Healthy family
Communication. An important aspect of a healthy
family is communication. This involves listening to and
supporting one another. It is important for parents to listen to
their children as much as they expect their children to listen to
them. Communication also involves conflict which is a part of every
family.
Dysfunctional family
A dysfunctional family is a
family in which conflict, misbehavior, and often
child neglect or abuse on the part of individual parents occur
continuously and regularly, leading other members to accommodate
such actions.
Some of the characteristics of dysfunctional family systems are
as follows:
- Blaming; failure to take responsibility for personal actions
and feelings; and invalidation of other family members'
feelings.
- Boundaries between family members that are either too loose or
too rigid.

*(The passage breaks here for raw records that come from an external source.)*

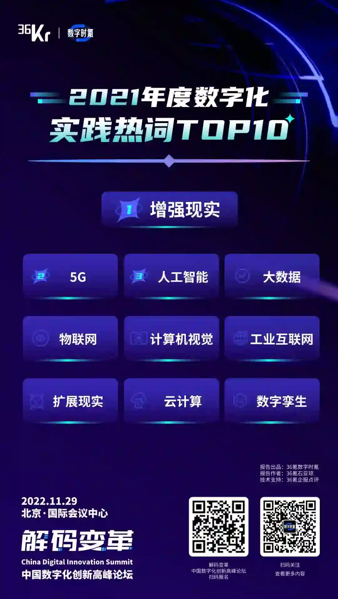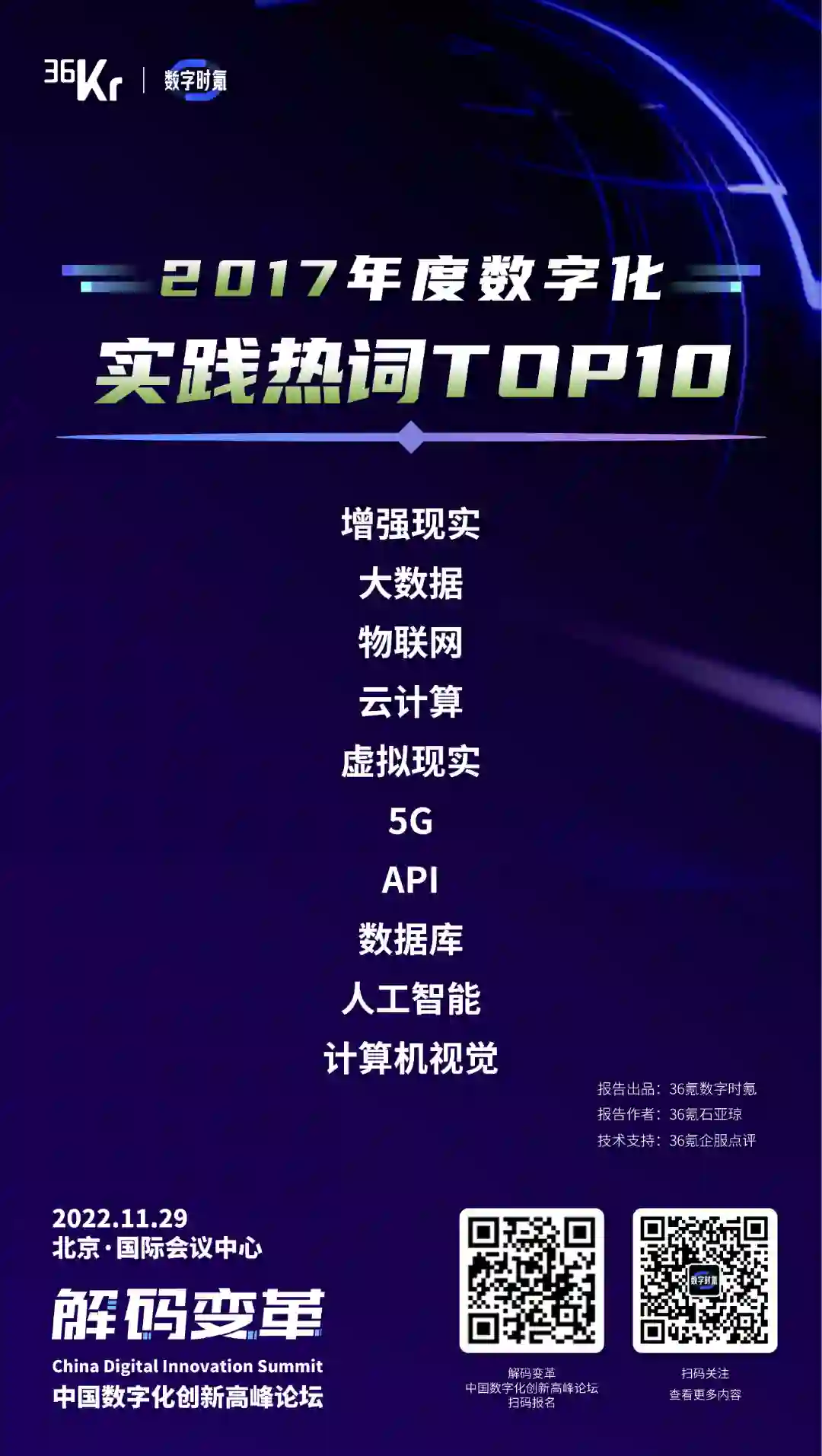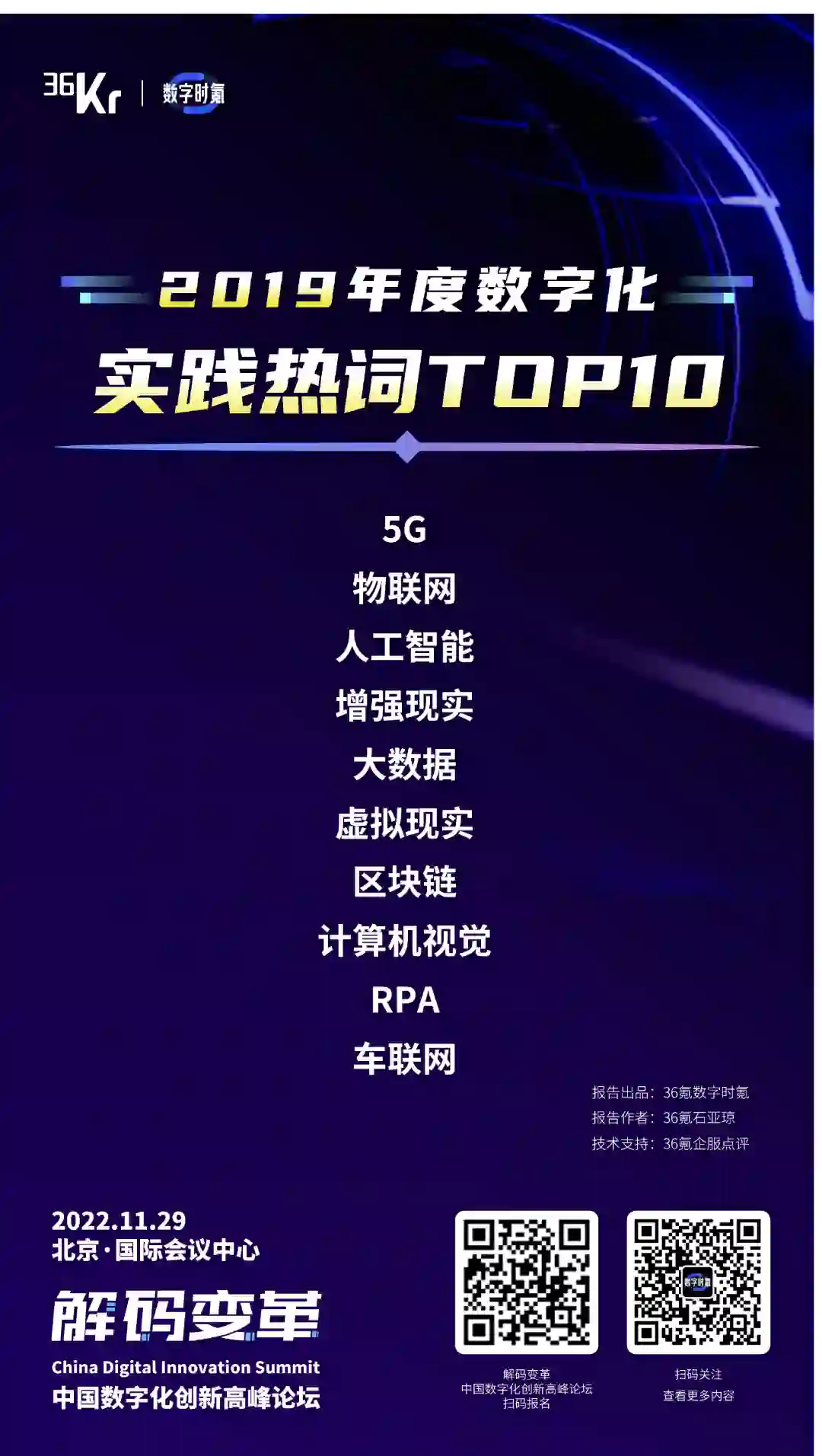 36氪特色的答案是什么?我们设想过多种描摹数字化的方案,并最后选择了现在的这个方案 —— “数字化实践热词”。我们希望以一种观察者的感性视角,结合理性的技术统计,尽可能还原中国数字化的状态。
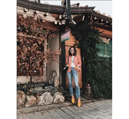 Η Aimee Song φοράει το απόλυτο τζιν της σεζόν: Cropped ή με ρεβέρ, σκισίματα στα γόνατα και ανοιχτό γαλάζιο χρώμα.
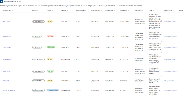 The Recruitment Tracker template within Microsoft Lists makes it easy to manage the process of hiring new recruits. It is designed to help everyone involved in the recruitment team be informed as you recruit, interview, and hire new employee candidates. Store everything from resumes or CVs to the progress on decisions, names, dates, and even comments from interviewers.
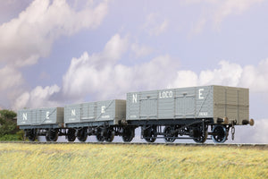 Built from unknown kits, these three LNER open wagons have been constructed to an excellent standard. One open wagon has been made from brass components, the other two from plastic (possibly Parkside or Slaters kits). Rake includes one loco coal wagon and two five plank open wagons.

For example, the parent may depend excessively on the
child for emotional support (loose boundaries) or prevent the child
from developing autonomy by making all the decisions for the child
(rigid boundaries).
- Boundaries between the family as a whole and the outside world
may also be too loose or too rigid.
- A tendency for family members to enact set roles— caregiver,
hero, scapegoat, saint, bad girl or boy, little prince or
princess—that serve to restrict feelings, experience, and
self-expression.
- A tendency to have an "identified patient"—one family member
who is recognized as mentally unhealthy, who may or may not be in
treatment, but whose symptoms are a sign of the inner family
conflict. Often the identified patient's problems function to
disguise the larger family issues. For example, a child may be
regarded as a bully and a troublemaker in school and labeled a
"problem child," when he may in fact be expressing conflicts and
problems, such as abuse from home, by acting out and being
"bad."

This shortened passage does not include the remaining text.